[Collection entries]
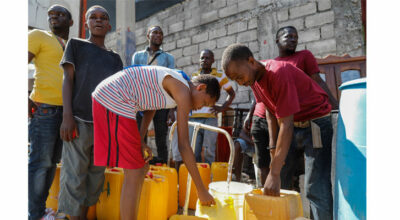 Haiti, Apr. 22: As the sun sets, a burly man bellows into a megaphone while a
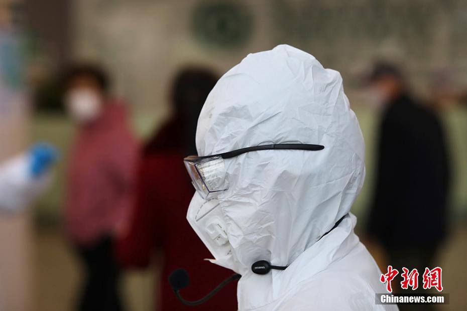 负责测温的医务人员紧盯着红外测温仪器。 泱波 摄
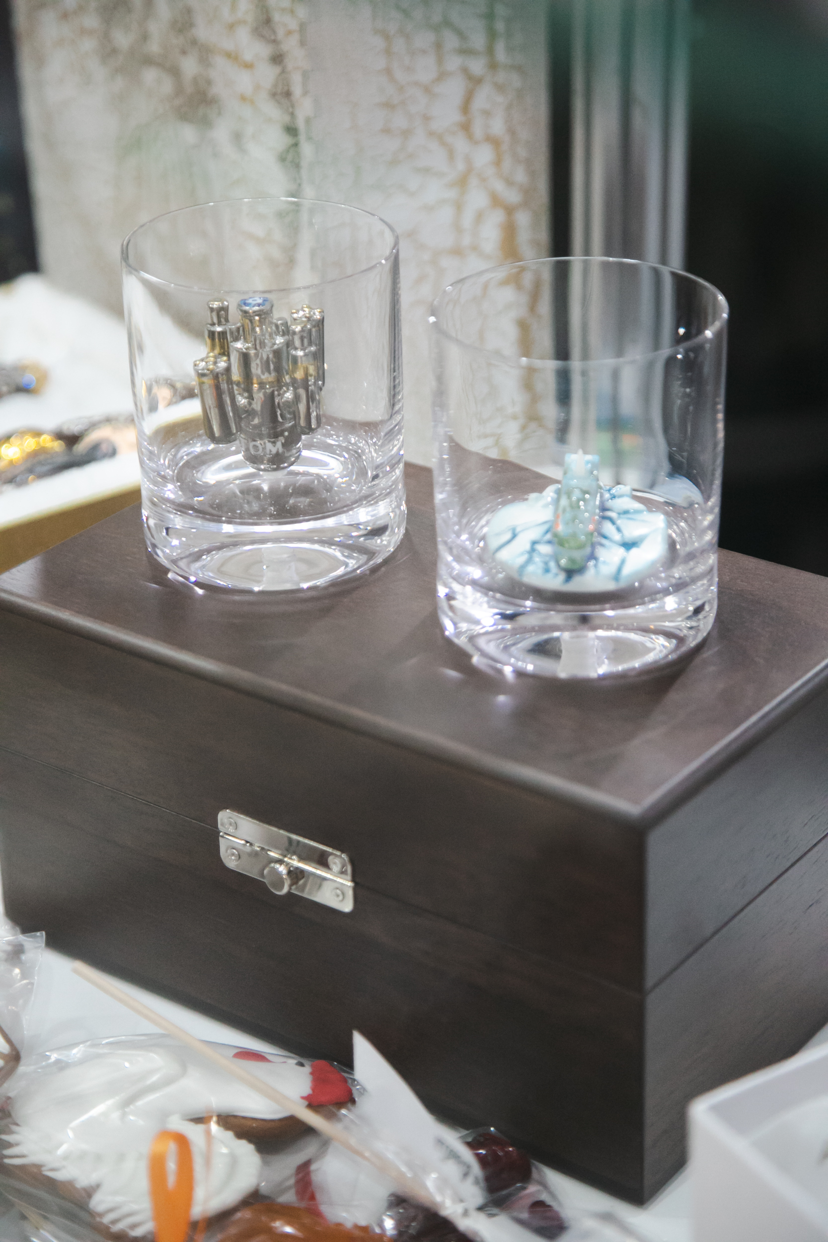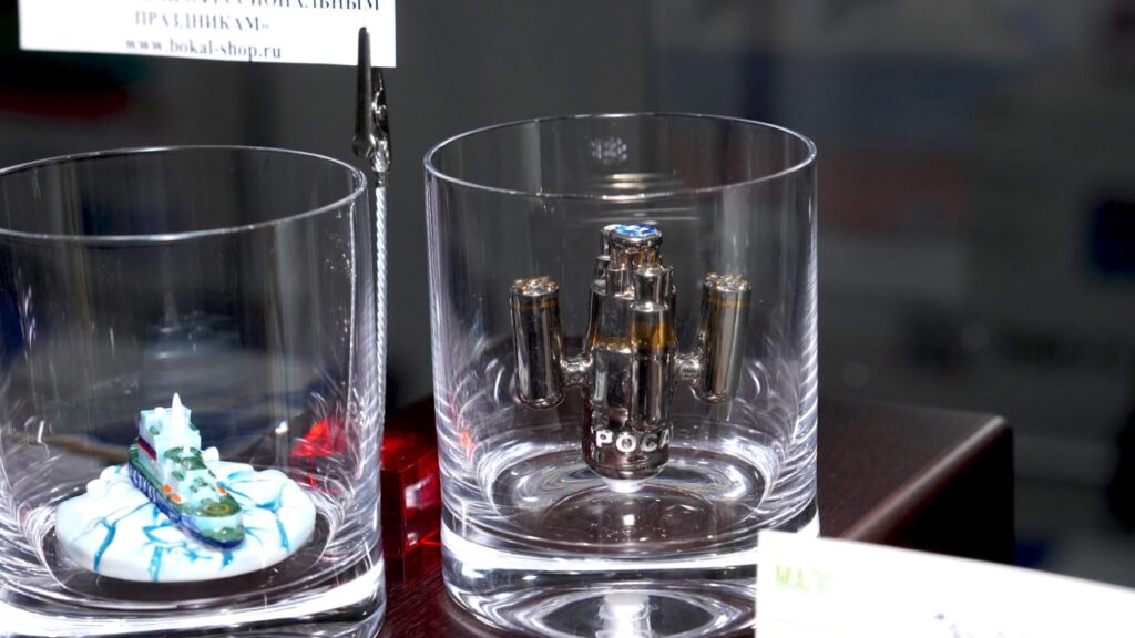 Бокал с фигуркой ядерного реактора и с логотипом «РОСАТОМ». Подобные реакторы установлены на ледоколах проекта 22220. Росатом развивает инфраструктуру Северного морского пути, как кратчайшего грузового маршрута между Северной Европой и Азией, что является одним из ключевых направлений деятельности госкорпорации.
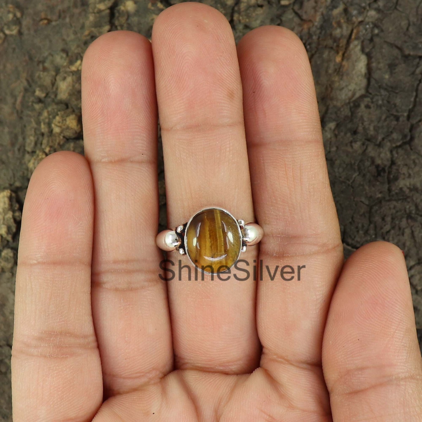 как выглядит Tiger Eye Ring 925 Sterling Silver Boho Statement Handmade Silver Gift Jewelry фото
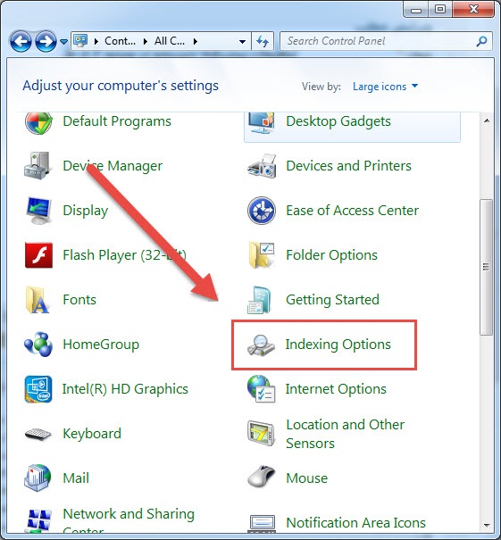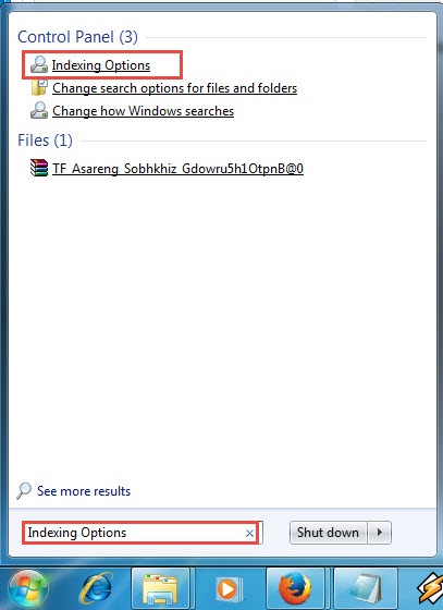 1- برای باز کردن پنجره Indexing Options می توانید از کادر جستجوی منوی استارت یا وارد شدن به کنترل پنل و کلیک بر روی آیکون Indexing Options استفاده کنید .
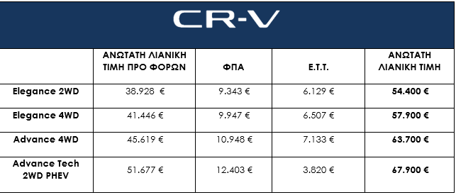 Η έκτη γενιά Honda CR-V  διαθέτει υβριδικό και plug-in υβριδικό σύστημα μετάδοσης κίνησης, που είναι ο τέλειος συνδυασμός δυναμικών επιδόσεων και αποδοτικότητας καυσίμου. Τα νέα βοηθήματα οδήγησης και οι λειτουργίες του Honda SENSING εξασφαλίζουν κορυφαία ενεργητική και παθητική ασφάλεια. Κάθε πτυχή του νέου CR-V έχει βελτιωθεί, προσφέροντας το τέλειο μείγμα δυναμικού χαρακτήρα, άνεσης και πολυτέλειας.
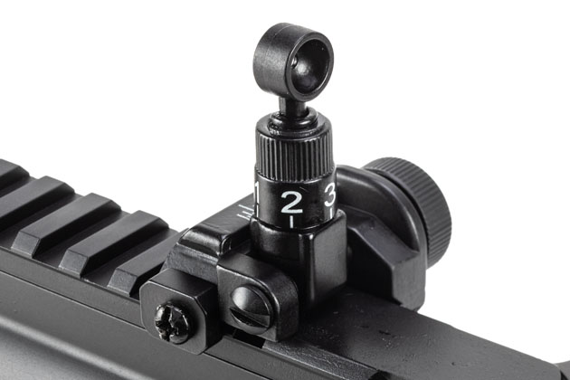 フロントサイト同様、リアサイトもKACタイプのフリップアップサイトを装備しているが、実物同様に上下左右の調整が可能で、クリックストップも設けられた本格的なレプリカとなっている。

* Requirement *
Produce an exact copy of the lines from the line containing "1- برای باز" through the last line of the records, with no pictures and no other text.

* Answer area *
 1- برای باز کردن پنجره Indexing Options می توانید از کادر جستجوی منوی استارت یا وارد شدن به کنترل پنل و کلیک بر روی آیکون Indexing Options استفاده کنید .
 Η έκτη γενιά Honda CR-V  διαθέτει υβριδικό και plug-in υβριδικό σύστημα μετάδοσης κίνησης, που είναι ο τέλειος συνδυασμός δυναμικών επιδόσεων και αποδοτικότητας καυσίμου. Τα νέα βοηθήματα οδήγησης και οι λειτουργίες του Honda SENSING εξασφαλίζουν κορυφαία ενεργητική και παθητική ασφάλεια. Κάθε πτυχή του νέου CR-V έχει βελτιωθεί, προσφέροντας το τέλειο μείγμα δυναμικού χαρακτήρα, άνεσης και πολυτέλειας.
 フロントサイト同様、リアサイトもKACタイプのフリップアップサイトを装備しているが、実物同様に上下左右の調整が可能で、クリックストップも設けられた本格的なレプリカとなっている。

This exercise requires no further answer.